**What you are asked to do:** The task for the listing below is to write out exactly the lines starting at the one containing "Prueba del Audi" and ending at the one containing "- ausgeblichene Flecken", both included. Pictures are to be omitted.

**Dataset excerpts:**
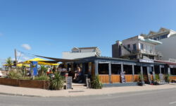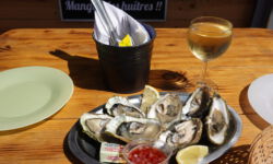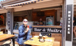 Wir fahren mit dem Fahrrad ins Dorf und setzen uns erst einmal auf die Dachterrasse vom Beachhouse. Die Aussicht ist grandios und die Getränke preislich ganz moderat. Also ein Spot zum Wiederkommen. Heute ist der Ort auch nicht so voll, auch am Strand liegen weniger Menschen. Einige Surferkarawanen mit Surfschülern gehen zum Meer. Wir schlendern durch den Ort und finden sogar einen Austernstand, an dem ich ein paar Tierchen mit Zitronensaft und einem Glas Weißwein schlürfen darf.
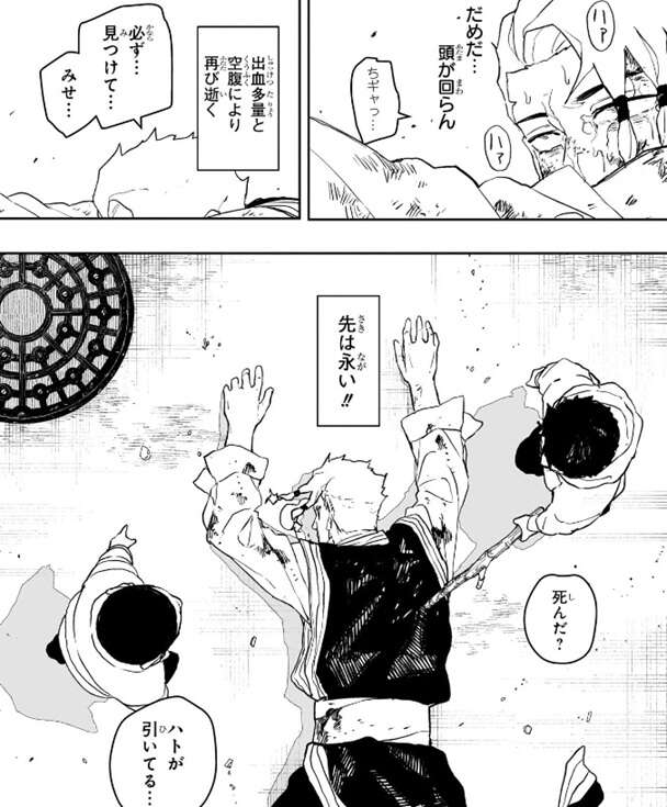 宗也はこれ以上頭が回らず、さらに出血多量と空腹で再び逝きます。逝く間際、宗也は必ず見つけて見せると言いかけますが、先は永そうです。子供にイジられる宗也ですが、いつかハクリにたどり着けるでしょうか?
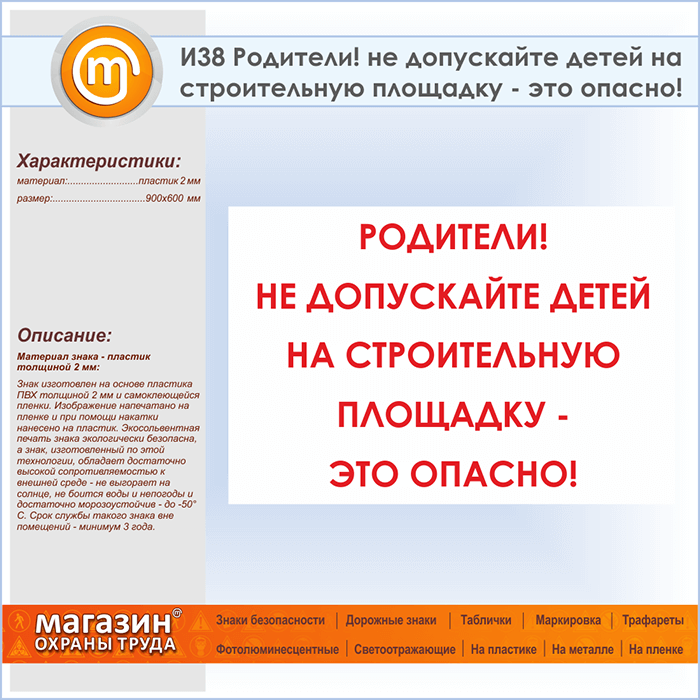 Знак «Родители! не допускайте детей на строительную площадку - это опасно!», И38 (пластик, 900х600 мм) в Томске купить
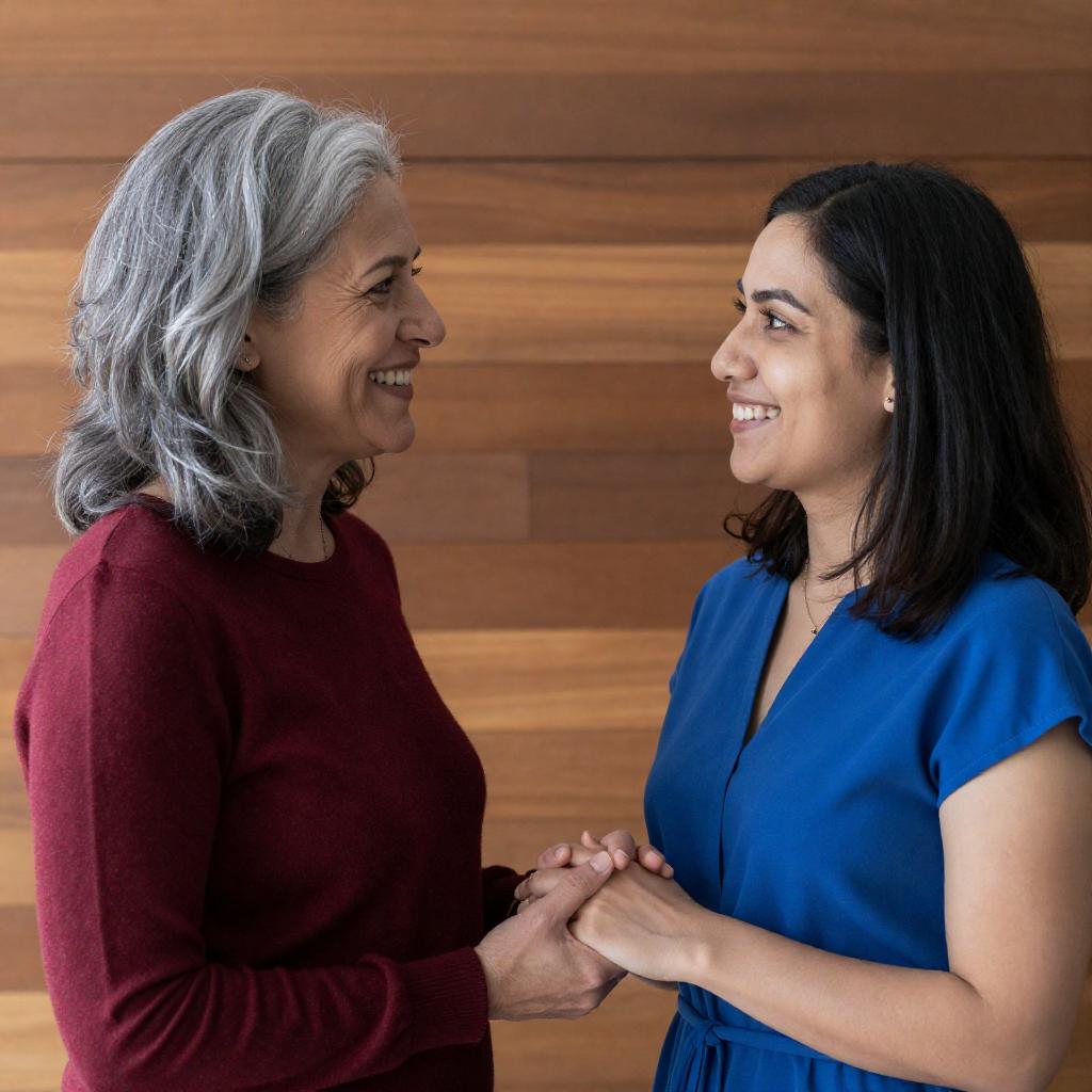 Photograph of two women, one with gray hair in a red sweater, the other with dark hair in a blue dress, smiling at each other while holding hands. Background shows a wall with wooden panels. The gray-haired woman leans slightly forward. Both women have light skin. The dark-haired woman looks up at the gray-haired woman.
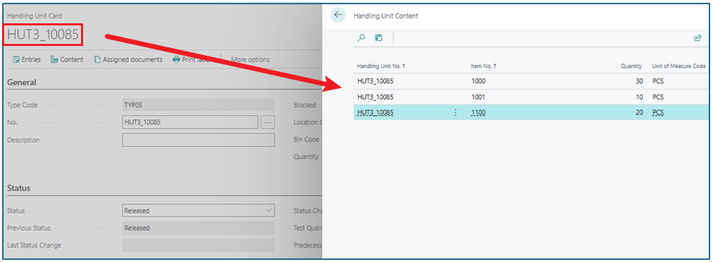 Subsequently, under the Processed action, it is possible to view from which HU the items are taken and into which HU they are placed.
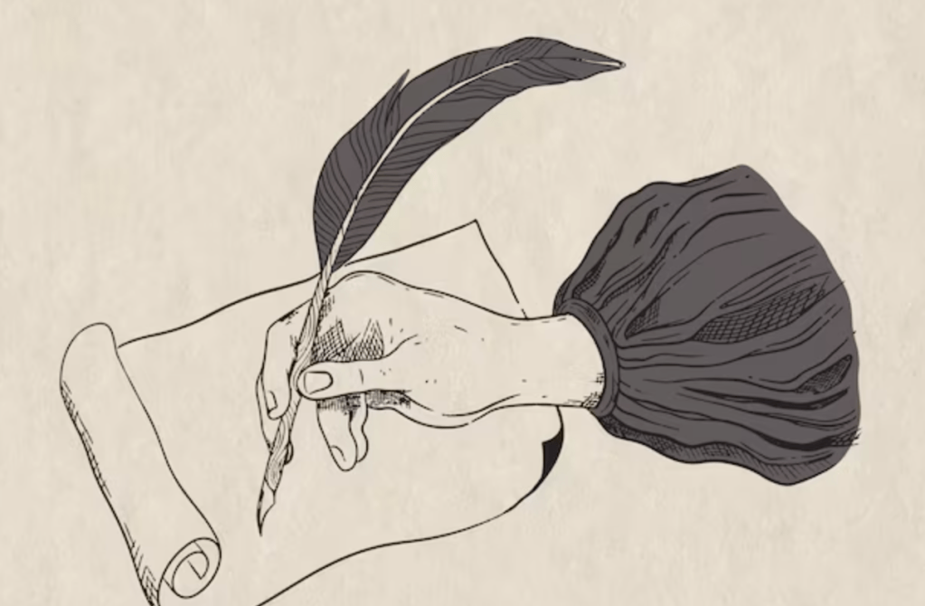 Because I could not stop for Death – / He kindly stopped for me – / The Carriage held but just Ourselves – / And Immortality. / We slowly drove – He knew no haste / And I had put away / My labor and my leisure too, / For His Civility – / We passed the School, where Children strove / At Recess – in the Ring – / We passed the Fields of Gazing Grain – / We passed the Setting Sun – / Or rather – He passed us – / The Dews drew quivering and chill – / For only Gossamer, my Gown – / My Tippet – only Tulle – / We paused before a House that seemed / A Swelling of the Ground – / The Roof was scarcely visible – / The Cornice – in the Ground – / Since then – ‘tis Centuries – and yet / Feels shorter than the Day / I first surmised the Horses’ Heads / Were toward Eternity –
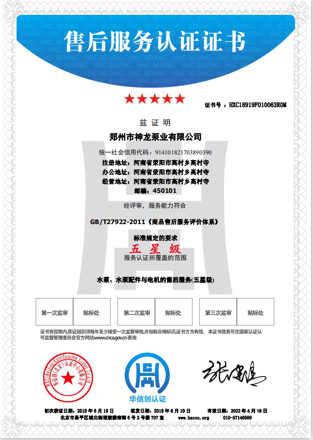 祝贺乐动平台获得水泵、水泵配件与电机的五星级售后服务认证。
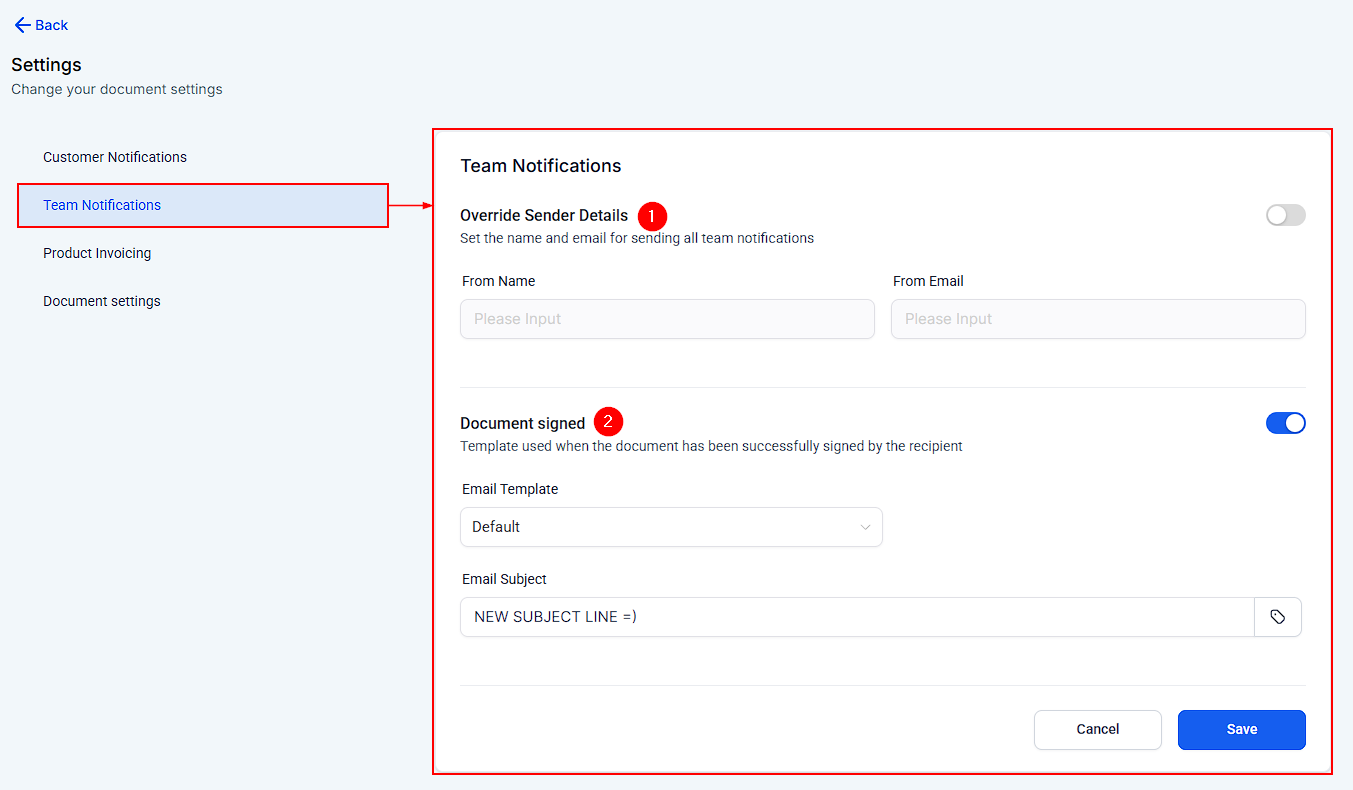 - Override Sender Details: Enter the name and email from which all team notifications should be sent.
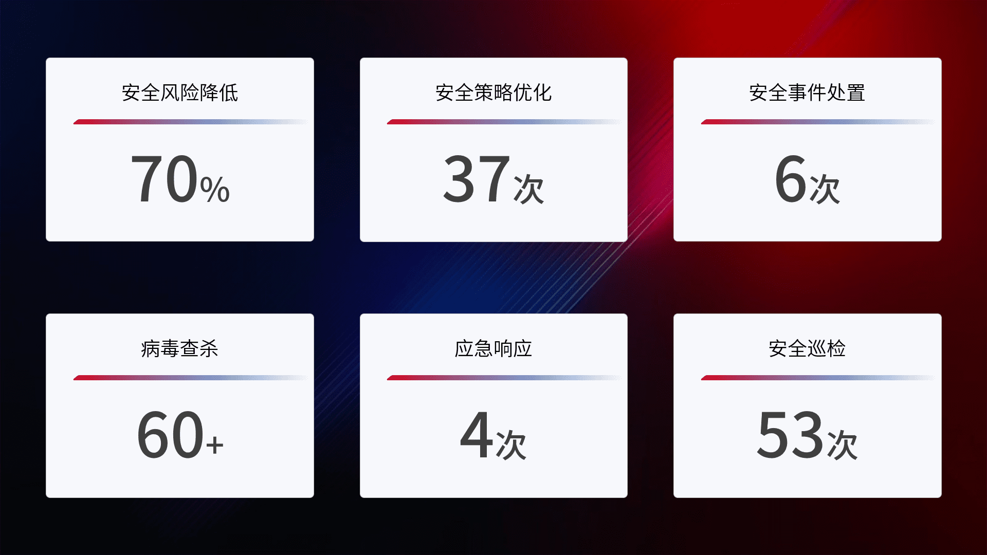 提供全面的安全事件报告体系,,,包括处置报告、、周报、、、、季度和年度总结,,,,结合持续监控,,,,帮助客户深入了解网络安全状况。。。
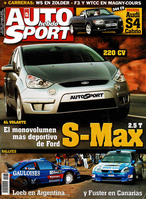 Prueba del Audi S4 Cabrio. Al volante: Ford S-Max y Dodge Caliber. Novedades: BMW Serie 3 Coupé y Chrysler Crossfire SRT6 Cabrio. Rallye de Argentina. Avance del G.P. de Europa de F1. Subida a Totana. Mundial de Turismos en Magny-Cours.
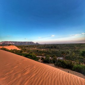 De dag start in de schaduwrijke kloof Cânion Sussuapara, waar smalle rotswanden en fijne waterdruppels een verkoelende oase vormen. Daarna bezoek je de quilombola-gemeenschap Rio Novo, waar je kennismaakt met lokale tradities en geniet van een huisgemaakte lunch. In de middag kun je ontspannen aan de Prainha, een paradijselijk strandje aan de Rio Novo. Later reis je naar de oranje duinen van Jalapão, met zicht op het indrukwekkende massief van Serra do Espírito Santo. De zonsondergang kleurt het landschap magisch. Overnachting in Mateiros.
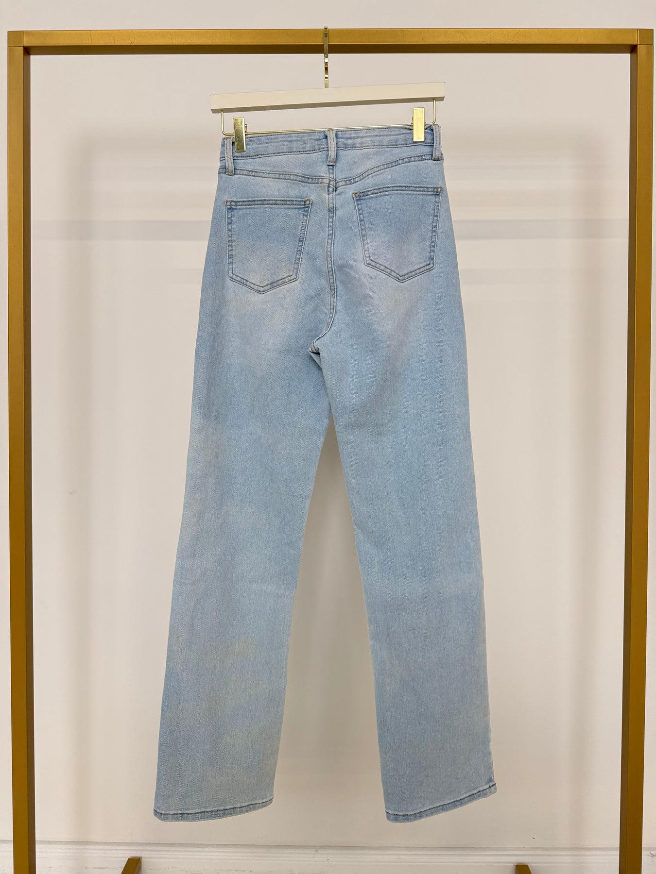 - ausgeblichene Flecken an der linken Beinrückseite (siehe Bild)
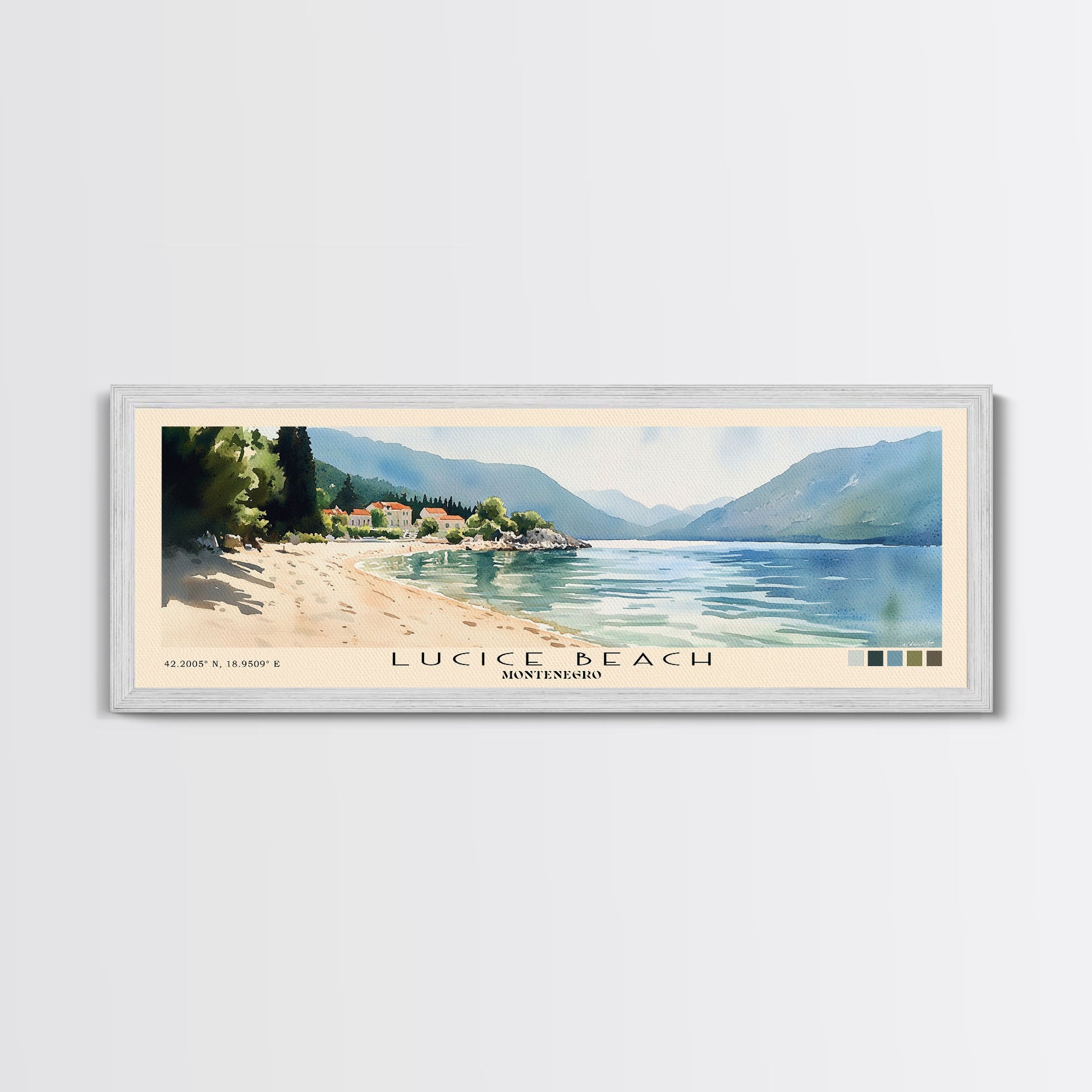 Lucice Beach, Montenegro Watercolor Beach Print, Vacation Gift, Montenegro Wall Art, Beach Painting, Beach Decor, Beach Painting
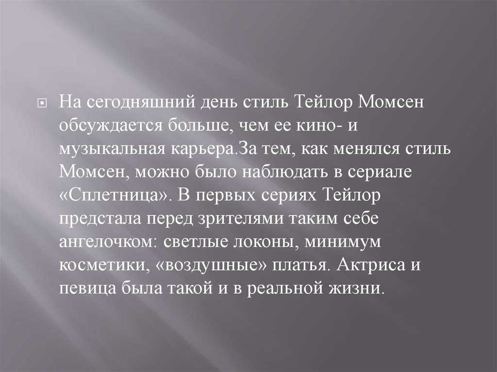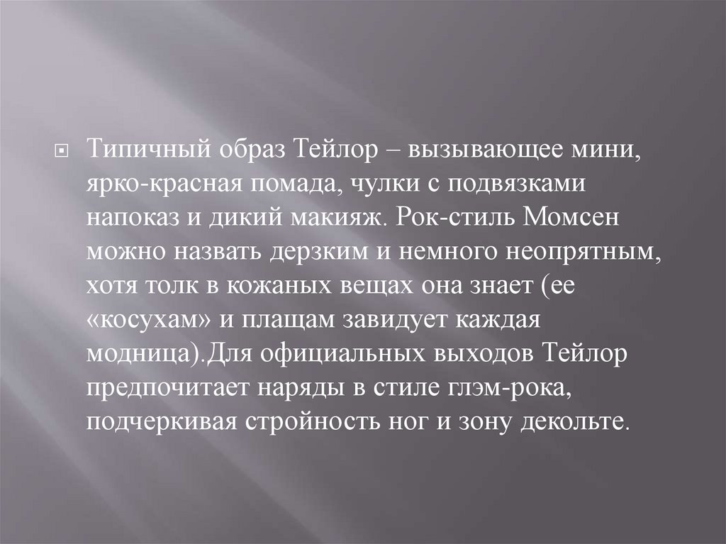 На сегодняшний день стиль Тейлор Момсенобсуждается больше, чем ее кино- и
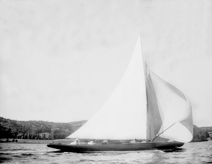 Enligt fotografens noteringar: "Kappseglingsbåt ."
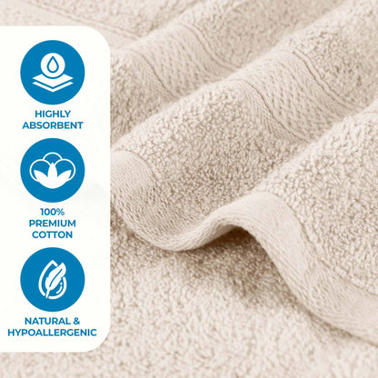 Experience unmatched softness and absorbency with the Zero Twist Cotton Solid and Jacquard Elegant Chevron Soft Absorbent 6-Piece Assorted Towel Set. These plush towels are crafted from Cotton for natural softness and impressive absorbency. The zero twist technique boasts smooth loops to that offer impressive performance and longevity. Finished with secure hemmed edges to avoid fraying and a durable single-ply, these towels can withstand countless washes and last you years to come. For added style, this assorted bundle features both solid and jacquard, chevron designs and a hanging loop for effortless drying. This set includes 2 Face Towel/ Washcloths, 2 Hand Towels, and 2 Bath Towels to complete your bathroom essentials.

**Final answer:**
 Prueba del Audi S4 Cabrio. Al volante: Ford S-Max y Dodge Caliber. Novedades: BMW Serie 3 Coupé y Chrysler Crossfire SRT6 Cabrio. Rallye de Argentina. Avance del G.P. de Europa de F1. Subida a Totana. Mundial de Turismos en Magny-Cours.
 De dag start in de schaduwrijke kloof Cânion Sussuapara, waar smalle rotswanden en fijne waterdruppels een verkoelende oase vormen. Daarna bezoek je de quilombola-gemeenschap Rio Novo, waar je kennismaakt met lokale tradities en geniet van een huisgemaakte lunch. In de middag kun je ontspannen aan de Prainha, een paradijselijk strandje aan de Rio Novo. Later reis je naar de oranje duinen van Jalapão, met zicht op het indrukwekkende massief van Serra do Espírito Santo. De zonsondergang kleurt het landschap magisch. Overnachting in Mateiros.
 - ausgeblichene Flecken an der linken Beinrückseite (siehe Bild)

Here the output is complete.